**PROMPT:**
When you copy from the entries that follow, take only the lines from the one with "南京泉峰ISO45001證書(shū)" down to the one with "setspn –xThe next", keeping both ends and dropping every picture.

**SOURCE MATERIAL:**
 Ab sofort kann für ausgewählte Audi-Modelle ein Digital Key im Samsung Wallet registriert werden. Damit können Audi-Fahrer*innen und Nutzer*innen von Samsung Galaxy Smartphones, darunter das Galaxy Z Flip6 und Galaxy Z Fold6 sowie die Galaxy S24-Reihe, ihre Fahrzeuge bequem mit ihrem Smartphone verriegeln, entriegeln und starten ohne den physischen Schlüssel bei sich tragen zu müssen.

==

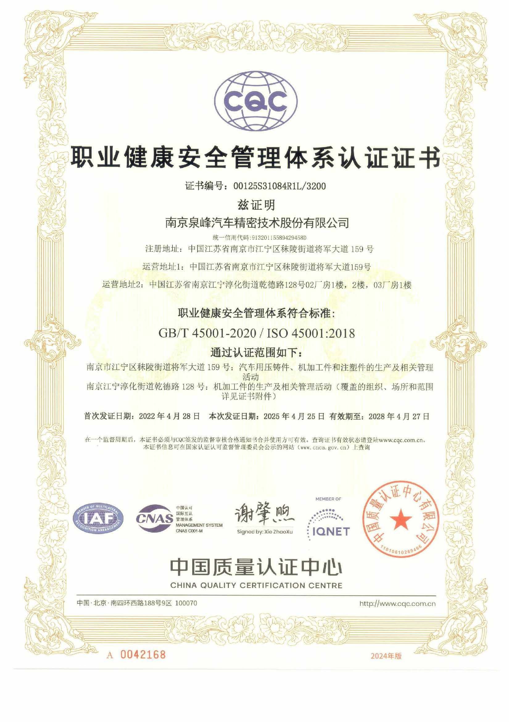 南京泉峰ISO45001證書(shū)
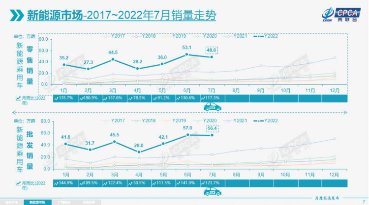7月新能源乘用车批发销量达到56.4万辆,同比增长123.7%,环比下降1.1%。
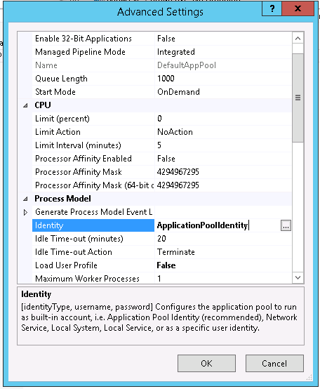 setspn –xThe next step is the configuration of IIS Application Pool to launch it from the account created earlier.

...

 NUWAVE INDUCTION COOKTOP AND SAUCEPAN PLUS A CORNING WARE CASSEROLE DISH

**SOLUTION BELOW:**
 南京泉峰ISO45001證書(shū)
7月新能源乘用车批发销量达到56.4万辆,同比增长123.7%,环比下降1.1%。
 setspn –xThe next step is the configuration of IIS Application Pool to launch it from the account created earlier.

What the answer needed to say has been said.